Myl history :thinking: i'll allow it username checks out watch out, he's gonna get you with

…and ends with this:

NMB three six seven zeroround meadow lane hatboro PA 19040
If you do not wish to receive future mailings from NMB Resources, Cancel/stop-.

now i want to watch blade now r/tytumblrgifs luke cage film my reaction when people say x-men started the modern
should remain alert to signs of anxiety, depression, and opioid use disorder (see recommendations 8 and 12) that might be unmasked by an opioid taper and arrange for management of these co-morbidities. for patients agreeing to taper to lower opioid

Meditative text messages among the phishers? Dribblings from a text-generation program that's lost its tiny mind?
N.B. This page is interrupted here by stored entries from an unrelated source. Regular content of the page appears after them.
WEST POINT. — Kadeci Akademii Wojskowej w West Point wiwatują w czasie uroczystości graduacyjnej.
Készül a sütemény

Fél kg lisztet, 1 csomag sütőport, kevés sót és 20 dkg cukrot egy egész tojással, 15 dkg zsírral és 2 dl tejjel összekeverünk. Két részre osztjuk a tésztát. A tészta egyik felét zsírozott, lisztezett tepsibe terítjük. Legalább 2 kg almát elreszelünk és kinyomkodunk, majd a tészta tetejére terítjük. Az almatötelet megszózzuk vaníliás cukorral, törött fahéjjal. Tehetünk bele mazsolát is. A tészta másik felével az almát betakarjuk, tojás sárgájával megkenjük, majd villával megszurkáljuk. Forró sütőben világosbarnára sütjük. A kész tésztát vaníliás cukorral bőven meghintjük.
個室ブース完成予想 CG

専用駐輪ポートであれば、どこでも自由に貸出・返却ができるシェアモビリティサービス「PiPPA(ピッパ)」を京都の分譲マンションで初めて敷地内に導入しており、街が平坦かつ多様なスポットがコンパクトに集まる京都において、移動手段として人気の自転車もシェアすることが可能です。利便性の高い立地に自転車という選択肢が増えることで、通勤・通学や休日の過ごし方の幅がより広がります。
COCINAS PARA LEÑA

The same crew (?), pretending to be ABC News ,wrote to tell me about relief from "Chornic Pain" under the Subject line "CBD oils aer now legal in all states":

No pre-graphics burbling, but afterwards came this:

it?? Kama asked, speaking in a low voice as he edged closer to the pair. ?Not easily,? Skizer replied as Razen glared at Kama. ?With both drones, I
am able to generate a low fidelity.



17 Comments

  1. Chris C. said,

    February 6, 2018 @ 3:41 pm

    Most likely, snippets of text designed not so much to convey information as to confound Bayesian spam filters.

  2. Aaron said,

    February 6, 2018 @ 4:03 pm

    Obligatory link to research about the false positive problem: https://www.microsoft.com/en-us/research/publication/why-do-nigerian-scammers-say-they-are-from-nigeria/. Not only can misspellings help get through spam filters, they also only fool people most likely to actually fall for whatever they're selling.
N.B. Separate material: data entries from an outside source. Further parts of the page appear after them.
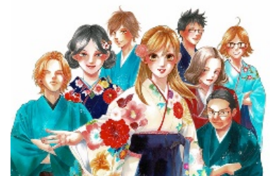
アニメ・映画化もされブレイクした「ちはやふる」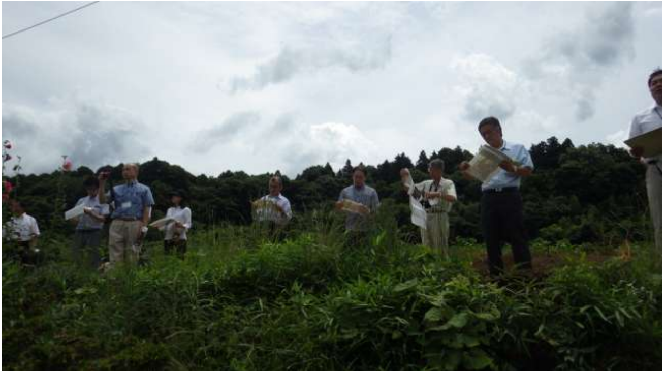
建設候補地北西側から印西市の計画幹線道路【（仮称）松崎・吉田線】を確認する地域振興策検討委員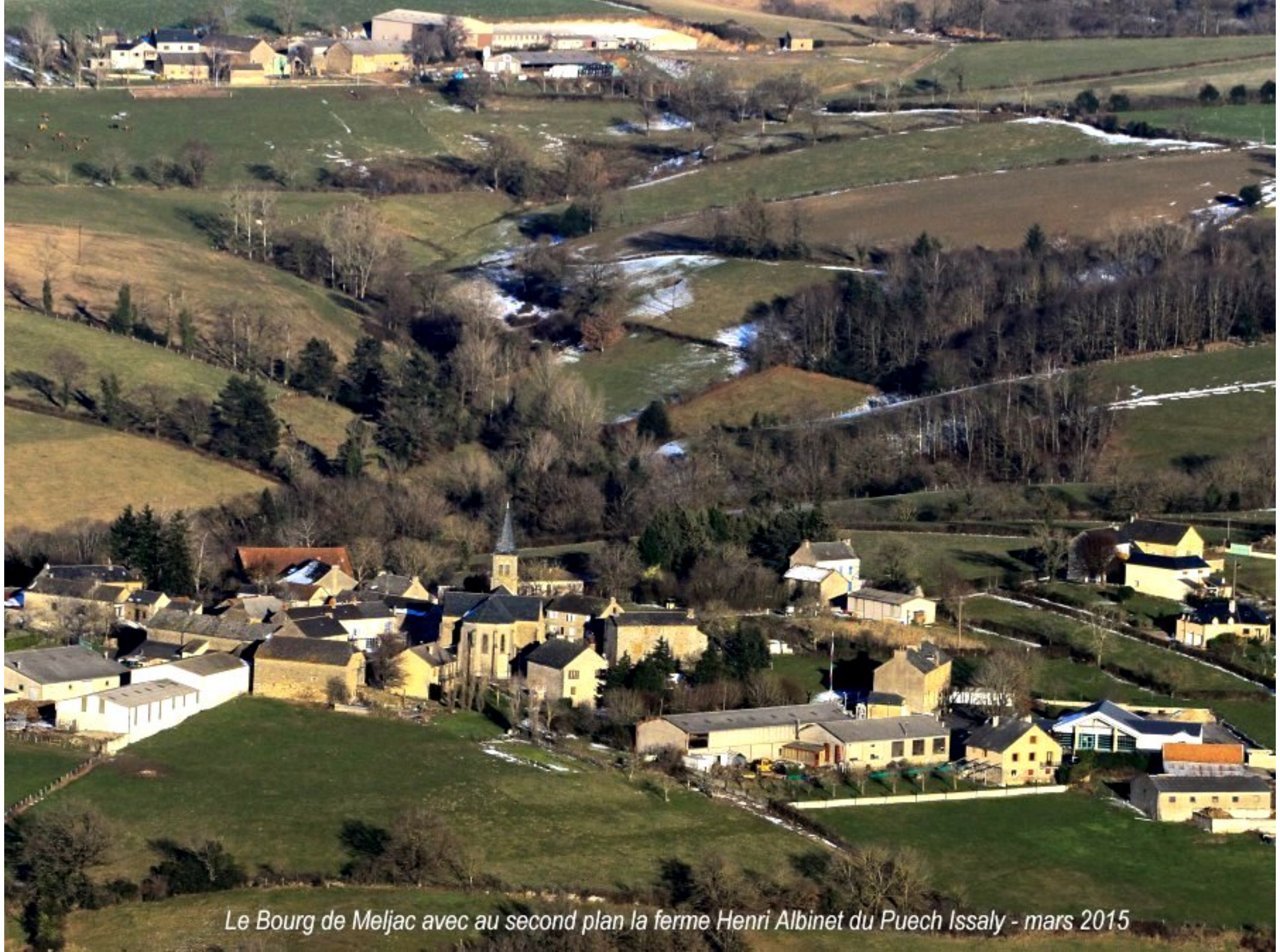
Le Bourg de Meljac avec au second plan la ferme Henri Albinet du Puech Issaly - mars 2015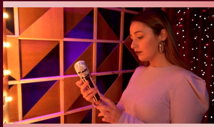
EXEMPLO (clique na imagem)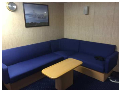
Sitzecke in der Passagierkabine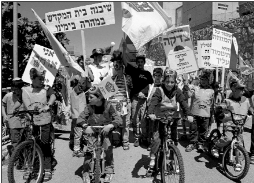
תפילה מעומק הלב "שיבנה בית המקדש במהרה בימינו"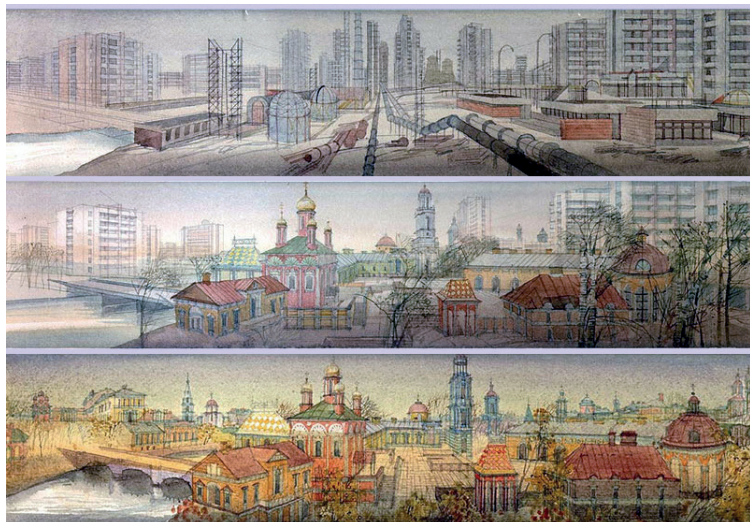
Рис. 1. Конкурсный проект «Стиль 2001 года». 1984. Архитектор и фото акварелей М. Филиппов

спровоцированный постмодернистской концепцией смерти автора). И на новом витке спирали произошло возвращение к традиции. В отечественном искусстве оно случилось в таком выдающемся явлении, как бумажная архитектура.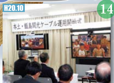
H20.10 本庁と甌島地域の4支所を結ぶ、海底光ケーブル回線完成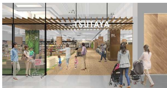
▲店内イメージパース（児童書側入り口）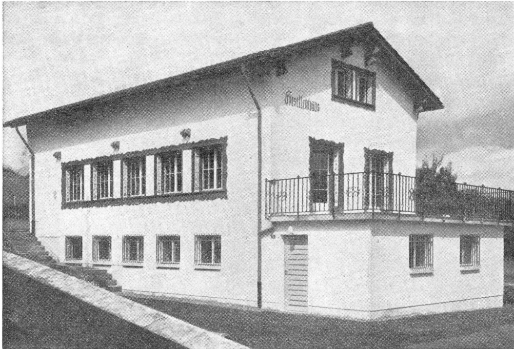
Das Gesellenhaus in Stans, von der Knirigasse aus gesehen

    I agree that that last paragraph of gibberish does seem like a lorem ipsum generator gone mad :)

    [(myl) That hypothesis doesn't account for ResearchGate's interest in Natural Glycage Processing…]

  3. bratschegirl said,

    February 6, 2018 @ 7:30 pm

    So if with both drones one is able to generate a low fidelity, do more than two drones lead to higher or lower fidelity? And which provides more relief from that pesky chornic pain?
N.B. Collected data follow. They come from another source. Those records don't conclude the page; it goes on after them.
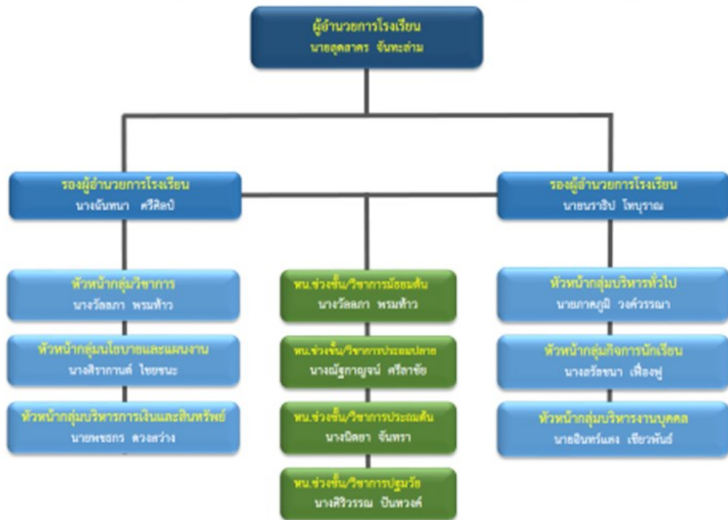
โครงสร้างการบริหารงานโรงเรียนบ้านสันป่าสัก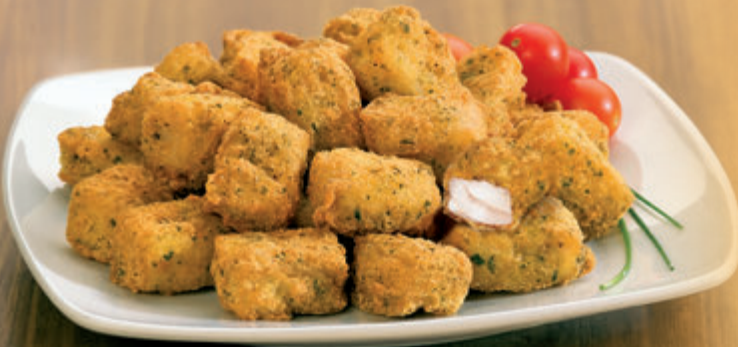
BACALAO EN TACOS REBOZADO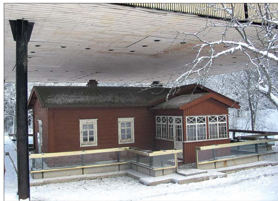
Дом Парвиайненов, где в августе 1917 года скрывался В.И. Ленин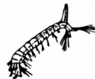
Larva de mosquit

  4. Gregory Kusnick said,

    February 6, 2018 @ 7:56 pm

    Those text snippets don't seem machine-generated to me. A few minutes of googling turned up the source of the opioid snippet on the CDC website, and the bit about Razen, Kama, and their drones appears to come from an old reddit thread cached here.

    So it seems pretty clear that these bits are being harvested from actual web pages for use as camouflage to sneak spam past the filters, as Chris suggests.

  5. AntC said,

    February 6, 2018 @ 9:53 pm

    ?myl is running a couple of careers on the side: both glyage processing and glycage processing??

    Google search seems to know that 'glyage' is a thin cover for 'language', and finds those ResearchGate papers straight away. It's more puzzled by 'glycage'.

    I would have thought 'glyage' is sufficiently lexically distant from 'language' that Google might offer all sorts of re-spellings(?)

    Perhaps we need to behave more like Chinese netizens to evade big brother Google: invent cunning ways to more obliquely say stuff?

  6. Termy said,

    February 7, 2018 @ 1:59 am

    I suspect that "Glyage" comes from (https://aclanthology.info/pdf/J/J92/J92-2007.pdf), which Google seems to have transcribed as "N A T U R A L. GLYAGE. PROCESSING."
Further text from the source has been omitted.